1899 Clive Staples ("Jack") Lewis baptized in St. Mark's, Belfast, by his grandfather, the Reverend Thomas Hamilton, Rector of St. Mark's.

1956 Lewis delivers his last sermon, "A Slip of the Tongue," in the chapel of Magdalene College (Cambridge) at Evensong.

Cool Link of the Day: 'La Belle Dame Sans Merci' by John Keats

4 Comment(s):

At Sat Jan 29, 07:44:00 AM EST, Blogger Arevanye said...

So is Lewis implying that talking mice don't have nightmares?

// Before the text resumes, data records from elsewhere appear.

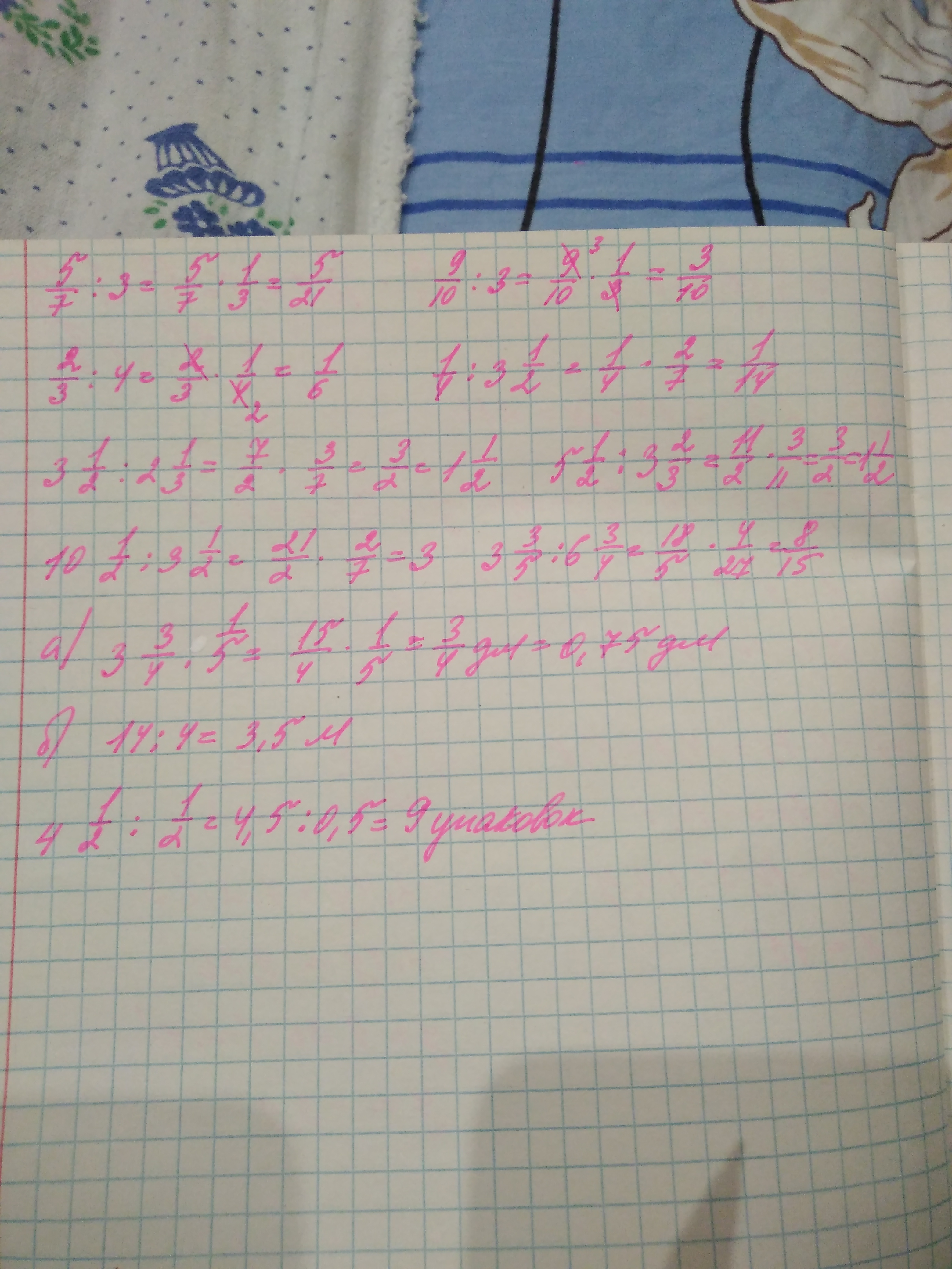 1/4 : 3 целых 1/2 ; 3 целых 1/2 : 2 целых 1/3 ; 10 целых 1/2 : 3 целых 1/2 ; 5 целых 1/2 : 3 целых 2/3 ; 3 целых 3/5 : 6 целых 3/4
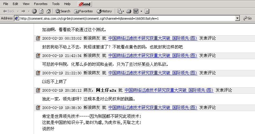 许多网友不相信政府的信息,并也学会了自己想法对付政府的封锁,有一个网友说,“(这一技术)不过仅仅基于文本,怎么著都没法防住的,上次收了封信,就是一个gif图片,里面一个flg小报,直接扫描的。对这样的信,恐怕内容过滤也是没有办法的。互联网不需要过滤,我们需要一切信息,过滤留给个人的大脑干吧。中国政府少操心。”另有网友推荐用代理服务器,他说:“我用免费代理服务器,天天看敏感的网站。一点事也没有。”还有人指出,“中国政府99年镇压法轮功,而这一研究在9年前就开始了,是不是政府早就有预谋?”对于政府想要过滤的言论,有网友说,正因为如此,他才开始认真的思考这些言论。
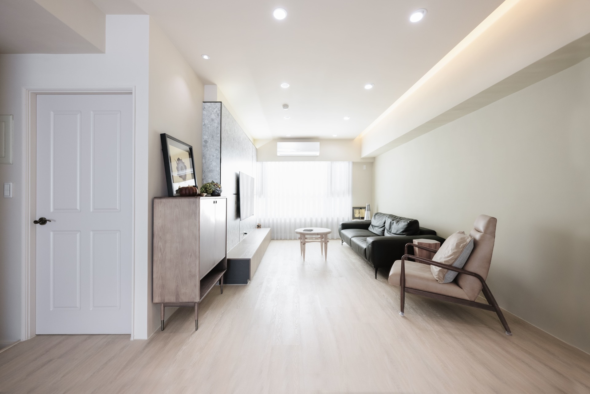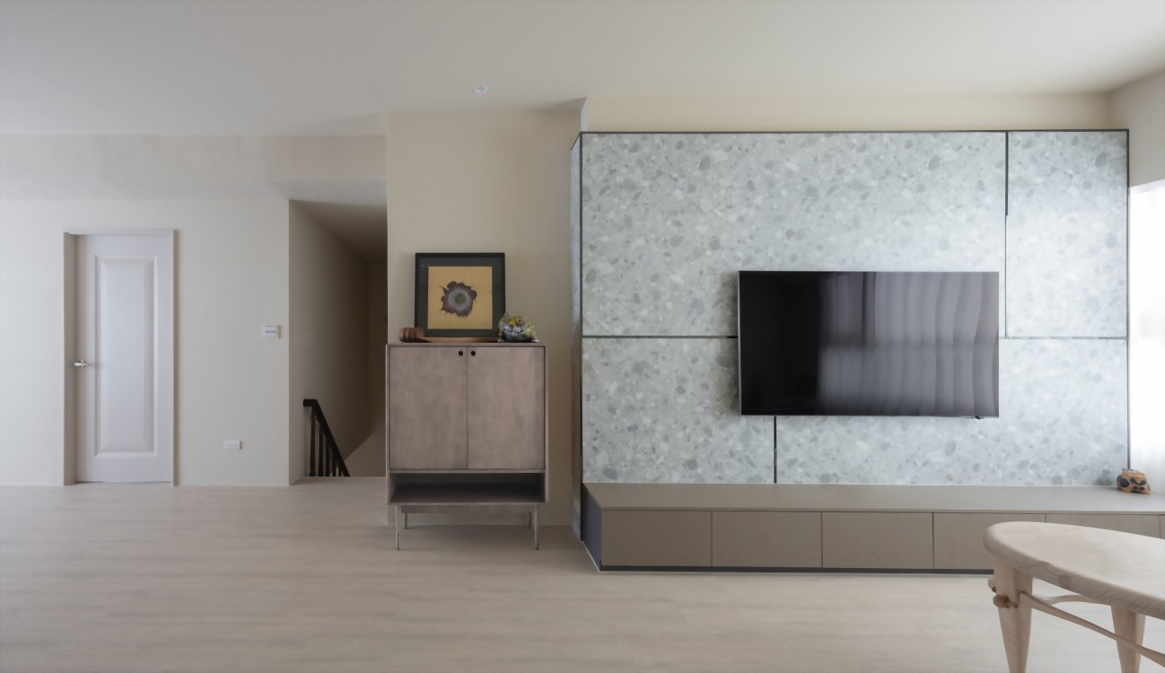 客廳整體空間也以簡約配置為主,將原木與大地素色系搭配,再以超受歡迎的奶油、淺木質等多種無色彩相互交錯。

I forget which site I read this on, but someone made a reference to the scripture: "Even though I walk through the valley of the shadow of death, I will fear no evil, for Thou art with me. ",and how later on in the chapter, Lucy prays and the albatross comes and guides them out of the darkness of the island.

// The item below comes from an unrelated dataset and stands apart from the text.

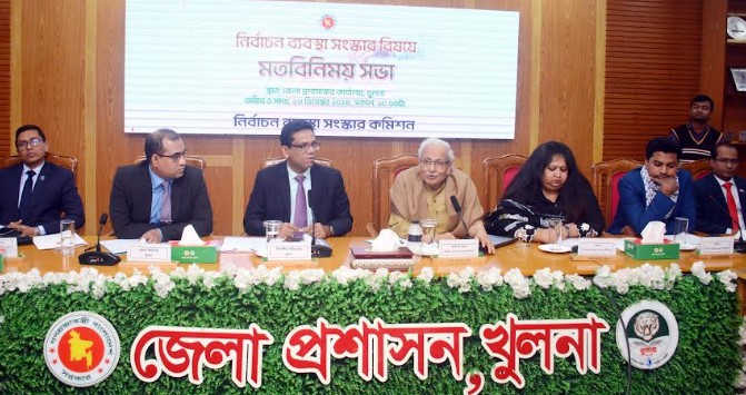 তথ্যবিবরণী : নির্বাচন ব্যবস্থা সংস্কার বিষয়ে মতবিনিময়সভা আজ শুক্রবার সকালে খুলনা জেলা প্রশাসকের সম্মেলনকক্ষে অনুষ্ঠিত হয়। সভায় প্রধান অতিথি ছিলেন নির্বাচন ব্যবস্থা সংস্কার কমিশনের প্রধান ড. বদিউল আলম মজুমদার।

They were making a comparison between being drawn into sin by the promise of "having all your dreams come true", and then realizing too late that the darkness hides unspeakable horrors, and how inescapable that darkness is without prayer and intervention by God.

Thoughts?

 
At Sat Jan 29, 11:17:00 AM EST, Blogger Sandicomm said...

I think DT is my favorite of the Narnian books. I liked it better than Homer's Odyssey, and the Odyssey is wonderful.

I can see where that person who wrote that essay (I guess it was an essay?) was coming from, and I can't decide whether or not I agree. The passage pretty much speaks for itself.

As for the Reepicheep thing: it is nonsense to think that animals don't have nightmares; I know when my dogs have nightmares, and I knew when my own Reepicheep had nightmares. I think what Lewis was trying to say is that animals don't have the same kind of nightmares as humans do: they don't dream of ambition gone horribly wrong or things like that.

 
At Sat Jan 29, 02:26:00 PM EST, Anonymous Anonymous said...

The comment may be less about 'animals' and more about Reepicheep specifically. He is always presented as utterly dauntless. Perhaps he has the same dreams as the others but he will face them rather than fly.-MrKimi

 
At Sat Jan 29, 10:06:00 PM EST, Blogger Arevanye said...

Thanks, Mr. Kimi. Yes, I think you are right. Reepicheep was never one to back down!

BTW, just had to comment that I love the word "poltroonery".